| Instructions to follow |
In the entries that follow, the lines from the line containing "サンフランシスコの観光用の乗" up to and including the line containing "Rhinowalk Bike Saddle" must be copied exactly, with pictures omitted.

| Extracted material |
■ ■ ■ ■
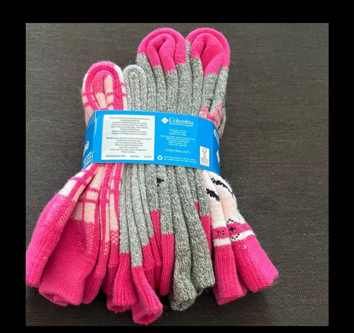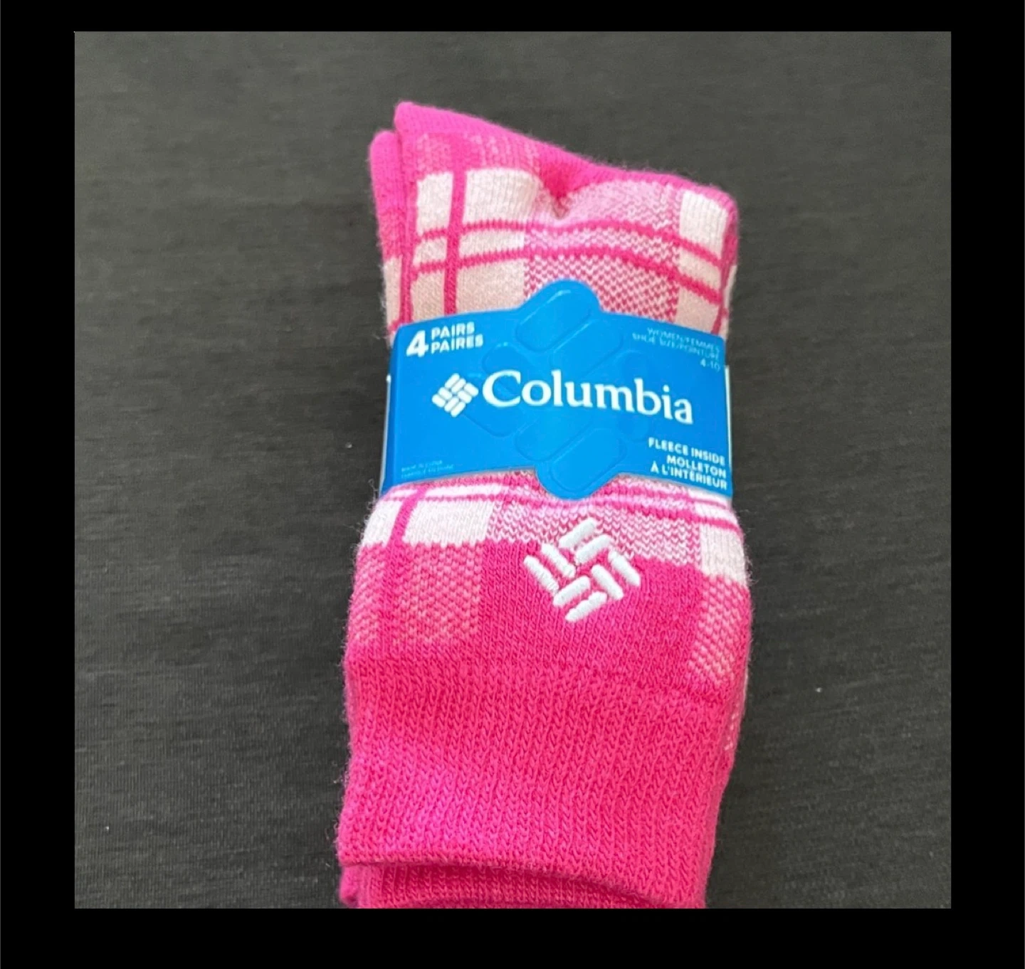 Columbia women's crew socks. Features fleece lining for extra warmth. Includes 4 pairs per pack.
■ ■ ■ ■
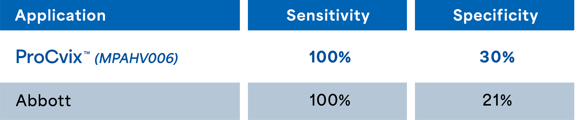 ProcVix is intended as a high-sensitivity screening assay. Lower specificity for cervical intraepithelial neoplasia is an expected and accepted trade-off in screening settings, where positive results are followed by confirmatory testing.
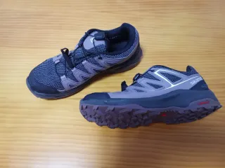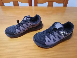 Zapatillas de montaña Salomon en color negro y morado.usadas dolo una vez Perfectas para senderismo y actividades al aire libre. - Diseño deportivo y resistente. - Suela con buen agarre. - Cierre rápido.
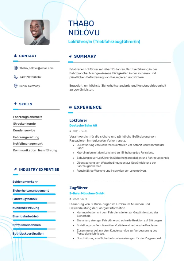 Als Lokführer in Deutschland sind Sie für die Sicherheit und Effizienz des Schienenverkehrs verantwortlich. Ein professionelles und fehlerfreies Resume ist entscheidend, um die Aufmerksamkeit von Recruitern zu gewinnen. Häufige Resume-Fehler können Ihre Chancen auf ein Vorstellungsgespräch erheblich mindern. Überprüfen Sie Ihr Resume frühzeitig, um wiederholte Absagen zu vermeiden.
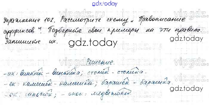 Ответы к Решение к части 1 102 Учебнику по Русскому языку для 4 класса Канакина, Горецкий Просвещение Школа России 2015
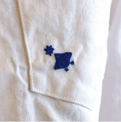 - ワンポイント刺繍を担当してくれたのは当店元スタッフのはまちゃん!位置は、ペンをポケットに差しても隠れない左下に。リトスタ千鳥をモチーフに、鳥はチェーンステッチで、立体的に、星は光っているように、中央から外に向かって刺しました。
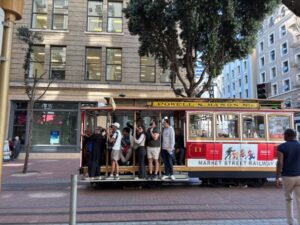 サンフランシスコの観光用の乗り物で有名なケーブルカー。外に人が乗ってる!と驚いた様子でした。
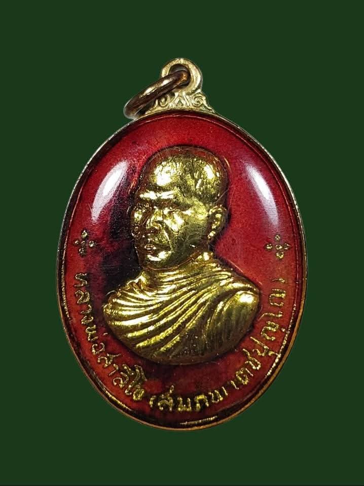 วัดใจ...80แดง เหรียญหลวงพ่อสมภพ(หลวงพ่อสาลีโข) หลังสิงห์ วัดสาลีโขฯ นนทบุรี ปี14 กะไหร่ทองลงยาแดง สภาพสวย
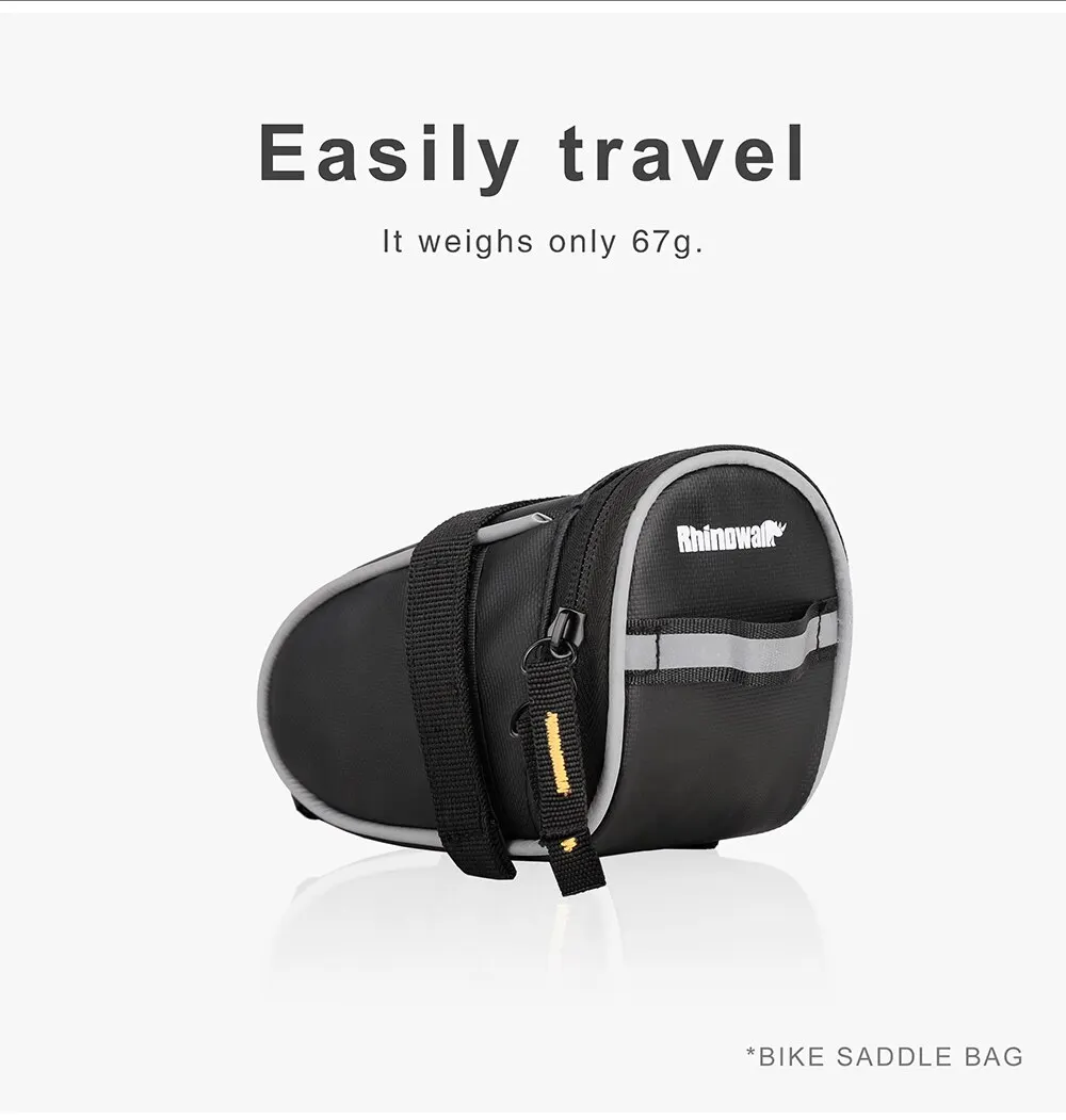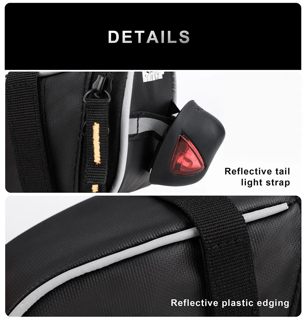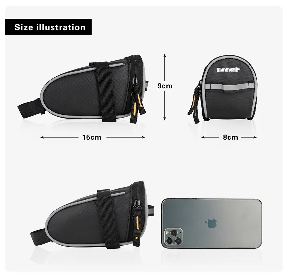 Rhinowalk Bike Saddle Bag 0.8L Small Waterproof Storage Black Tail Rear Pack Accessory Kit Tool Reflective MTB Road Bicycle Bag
■ ■ ■ ■
| Solution to this exercise |
 サンフランシスコの観光用の乗り物で有名なケーブルカー。外に人が乗ってる!と驚いた様子でした。
 วัดใจ...80แดง เหรียญหลวงพ่อสมภพ(หลวงพ่อสาลีโข) หลังสิงห์ วัดสาลีโขฯ นนทบุรี ปี14 กะไหร่ทองลงยาแดง สภาพสวย
 Rhinowalk Bike Saddle Bag 0.8L Small Waterproof Storage Black Tail Rear Pack Accessory Kit Tool Reflective MTB Road Bicycle Bag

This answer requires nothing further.